Его забирает ветер или снег. Чуть-чуть оборачиваюсь — его нет. Ушел. Следы заметает ветер.
Сугробы будто растут. Пробираться всё тяжелее и тяжелее. Лёд налипает на лицо.
Я не сдамся. Вперед. Там что-то есть. Там что-то ждёт, в белом, плавно выцветающем прекрасном далёком.
Старуха снова курит. Юрта разрушена, осталась парочкой тряпок, свисающих с палок. Рядом лежит олений череп.
— Где Валера?
С ним как будто было правильнее. Без него слишком тихо. Непривычно.
— Нанухака успели забрать, — она выдыхает серый дым, — он не дошёл только из-за тебя. Спасибо. Но большего не жди.
Недружелюбная крупа режет мои глаза.
— Куда мы уходим? — шепчу сквозь ветер, — куда я иду?
Старуха пожимает плечами.
— Посмотри. Но ты не вернёшься. Он за тобой больше не пойдёт.
— Он тоже забыл меня?
— Людей невозможно забыть, если они сами не ищут вьюги, — вытряхивает пепел, и его подхватывает порыв, — ты не остановишься. Иди.
Больше мы не увидимся.
И я шагаю вперёд в полном одиночестве, пока мир — только моя бесконечная суперплоскость — синеет, чернеет, темнеет. Бесконечный день катится к не бесконечным, рваным сумеркам. Куда я дошла? Что нашла? Что потеряла?
Не помню, что напевала и о чем думала. В голове такой же пушистый падающий снег, его иногда уносит в сторону резким ветром.
Выхожу к дорожке следов. Наверное, надо повернуть обратно. Пятки-солнышки отпечатывают надпись, как под окнами, на асфальте.
«Я люблю Олю».
Повезло ей. Ей подарят букет ромашек в декабре и поведут в кино, и она впервые за долгую эру ледникового периода похохочет. За руки подержатся. Поцелуются у витрины с рыбой.
Порыв ветра.
Вспомнила.
Меня тоже забирает снег.
Прихожу в себя рывком. Резко открываю глаза — белый полоток бьет по глазам. По телевизору крутят фиксиков.

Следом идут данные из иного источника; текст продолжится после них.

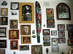 The Autograph" Gallery's collection is made up of works created by artists of several generations and various artistic styles.[1] Among them are both well-known and emerging artists from Yekaterinburg, Chelyabinsk, Ufa, Moscow, Saint Petersburg, and also painters and graphic artists from Germany, Israel, China and Czech Republic.[3] They are all friends of the artistic couple Misha Brusilovsky and Tatiana Nabrosova-Brusilovskaya. In 2004, thanks to the charitable organisation for Russian traditions "Our Family", with the participation of the journal "Our Heritage" and the Canadian Foundation for Gender equality, an exhibition from the "Autograph" Gallery was held as part of the project "Support for women's participation in the visual arts". At this 170 small-format pieces by more than 100 artists from the Ural-Siberia region and also from Moscow and Saint Petersburg were displayed.[5] On 22 February 2008 in The Irbit State Museum of Fine Art, the exhibition "Herman Metelev. Paintings and drawings, from the museum's collection and from private collections" opened to mark the artist's 70th birthday. Twenty eight small-format paintings by Herman Metelev were displayed from the "Autograph" Gallery.[6] Gatherings of artists are regularly held in the "Autograph" Gallery, as are competitions for the best painting of the year.[4]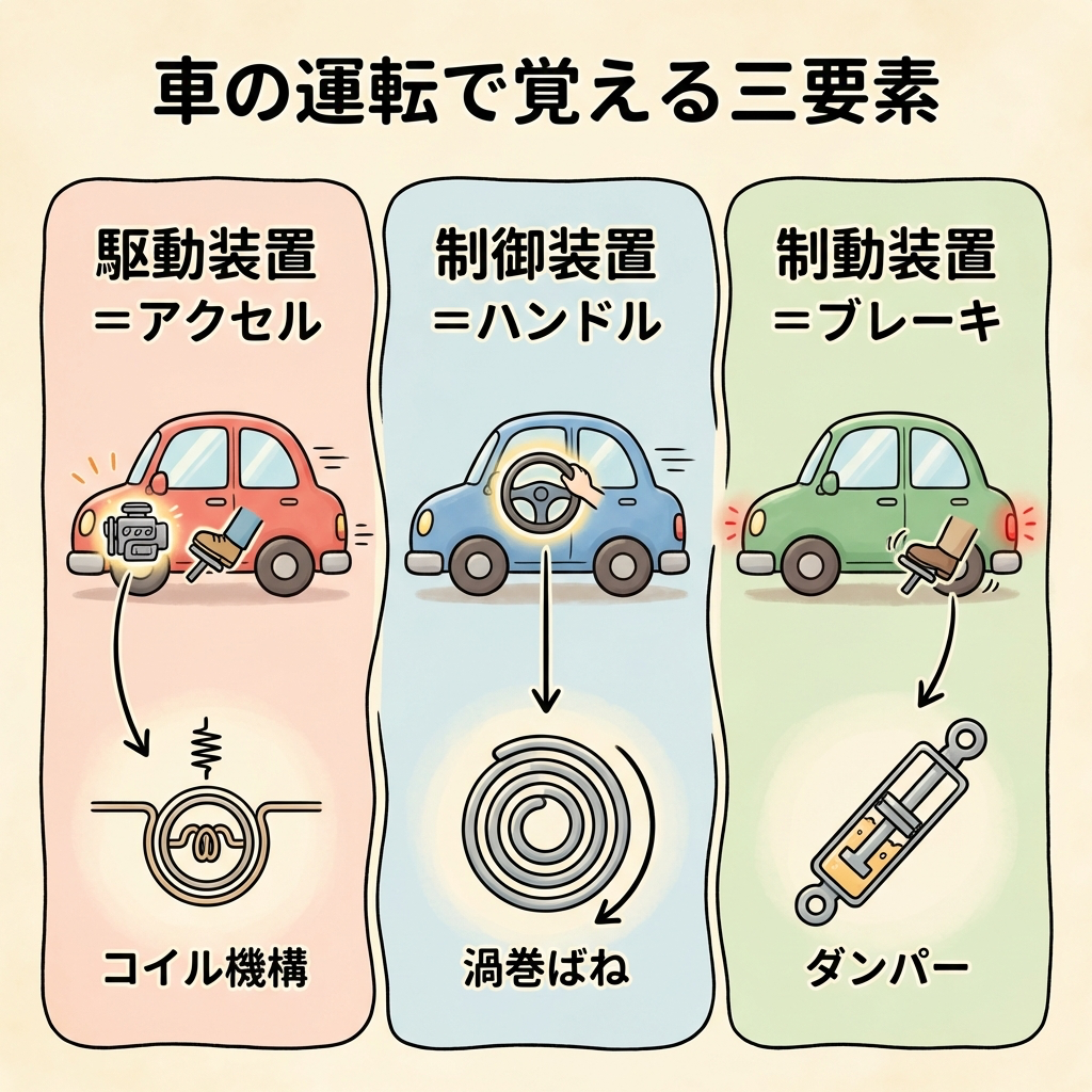 • 「駆動装置」「制御装置」「制動装置」の違いがごちゃごちゃになる…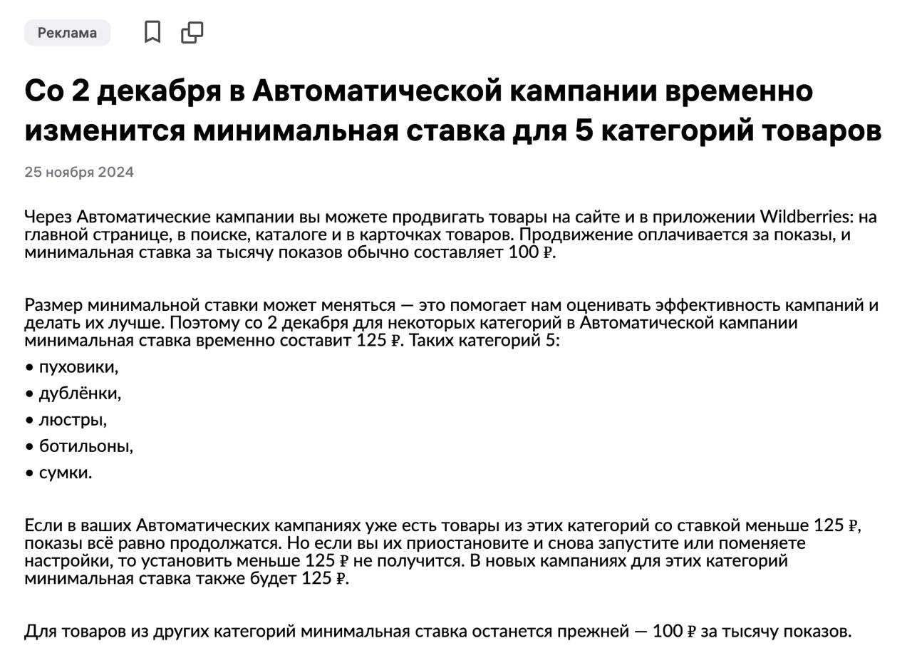 - Сумки ** Маркетплейс сообщает, что изменения могут быть временными ** ВАЖНО: ✔️ Если в ваших текущих кампаниях уже есть товары из этих категорий со ставкой ниже 125 ₽, показы продолжатся. ✔️ Приостановив кампанию или изменив настройки, установить ставку ниже 125 ₽ будет невозможно. ✔️ В новых кампаниях минимальная ставка для этих категорий также составит 125 ₽.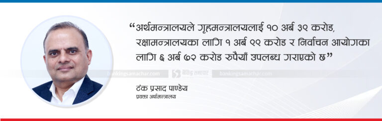 निर्वाचनका लागि सुरक्षा सम्बन्धी खर्च गर्ने जिम्मेवारी गृह मन्त्रालयको, नेपाली सेना परिचालन गर्ने जिम्मेवारी रक्षा मन्त्रालयको र निर्वाचन व्यवस्थापन गर्ने जिम्मेवारी निर्वाचन आयोगको हुन्छ। सोहीअनुसार अर्थमन्त्रालयले गृहमन्त्रालयलाई १० अर्ब ३९ करोड, रक्षामन्त्रालयका लागि १ अर्ब ९९ करोड र निर्वाचन आयोगका लागि ६ अर्ब ७२ करोड रुपैयाँ उपलब्ध गराएको प्रवक्ता पाण्डेयले जानकारी दिए।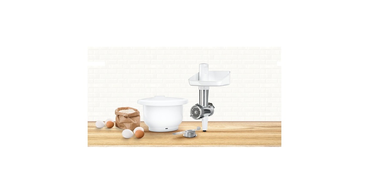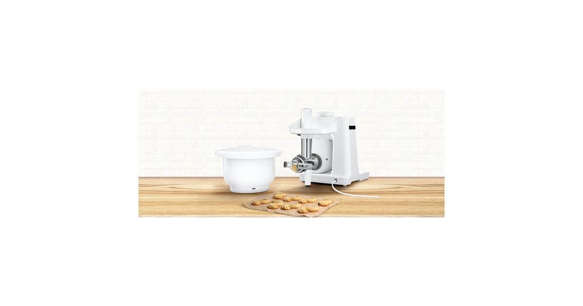Das BakingSensation Set eignet sich für die einfache und schnelle Zubereitung auch von großen Mengen Gebäck - dank Fleischwolf schnell und professionell. Mit dem praktischen Spritzgebäckvorsatz, der im Lieferumfang enthalten ist, lassen sich 4 verschiedene Gebäckvarianten kreieren. Die zusätzliche 3,8 l Kunststoffschüssel sorgt für mehr Flexibilität beim gleichzeitigen Vorbereiten von zwei Teigen und ist besonders gut geeignet für die Zubereitung von Hefeteig. Mit dem Fleischwolf kann man auch gekochtes oder rohes Fleisch, Fisch oder Gemüse für z.B. Tatar oder Pasteten verarbeiten. Das Zubehör passt für MUM Serie 2 Küchenmaschinen.Art.-Nr.: 1786488
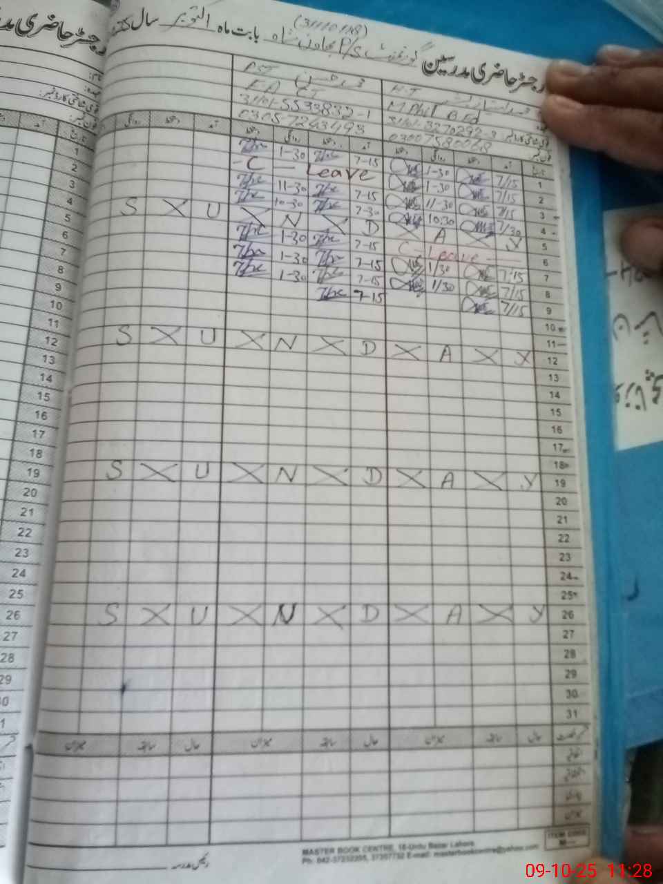| Leave | Duty | Absent | Maternity | Medical | Ex- Pak |

— Ой-й-я! — вопит кто-то в коридоре, надрываясь плачем, и целый оркестр голосов его успокаивает.
В руке капельница. Рядом врач и тёмное, такое синевато-чёрное, пятно.
— Оля! — кричит пятно и бросается ко мне.
Я тоже хочу закричать, но не могу пошевелиться.
— Живая! — а меня душат в объятиях, — дура ты, Олька! Куда я без тебя, а?! Совсем уже — я же тебя никогда не...
Ах, да. Оля — это я.
Макс приходит и на следующий день. И через два. И через три. Помогает мне ползти по коридору, когда ноги трясутся и отказываются держать. Для организма даже пара дней комы — алес капут, говорит врач. Говорит, мне повезло, что я мало провалялась, реабилитация много времени не отнимет, иначе мышцам были бы ёлки-иголки. Говорит, мне новости пока смотреть нельзя, каналы ищет с мультиками.
Однажды встречаю в коридоре мальчишку. Смуглого, с глазами-бусинками, поясняет другим детям за снежных духов и то ли укулеле, то ли лейку. Или лелейку. Пересекаемся взглядами, и он машет мне рукой.
— Выздоравливай, Оль! — кричит у своей палаты.
— Ты тоже, Нанухак!
А он пальцем у виска крутит, но смеется. Его новая мама смотрит на нас с улыбкой. Подарит мне конфеты, когда узнает, что мы друг за другом приглядывали, а новый папа сделает глупое предложение. Я откажусь. У меня есть Макс. К Валерке буду в гости приходить. Может, на книжку накоплю. Если снег не заберёт.
Каждый раз смотрю в зеркало, и вижу за спиной метель. Она зовёт, в ней что-то есть, я знаю. Она забирает и манит. Она стирает. Смотрю — и забываю, что хотела сделать, о чем думала. Макс, когда замечает ступор, кладёт мне руки на плечи и смотрит в глаза через зеркало. Он тоже видит вьюгу, я знаю. Но пытается её не слышать.
Живём, два нежных голубя, и думаем о снеге. Всё чаще смотрим в небо. Его увольняют, но он не расстраивается, учиться пытается. Я ухожу сама. Наши дни рождения, его обычный, и мой, как начало новой эры — тишина, разделённая на двоих, и хрупкое пламя свечки в грязной темноте. Ищем стерильность. Ждём снега. Взрослеем, но неправильно, только внешне, а внутри остаёмся такими же хрупкими, мягкими. Хрупкость легко разбить. Никто не вылепил броню. Валерке вот вылепили — ходит, грудь выпятив, болтает о космосе. И лейках — или лайках? А ведь раньше молчал.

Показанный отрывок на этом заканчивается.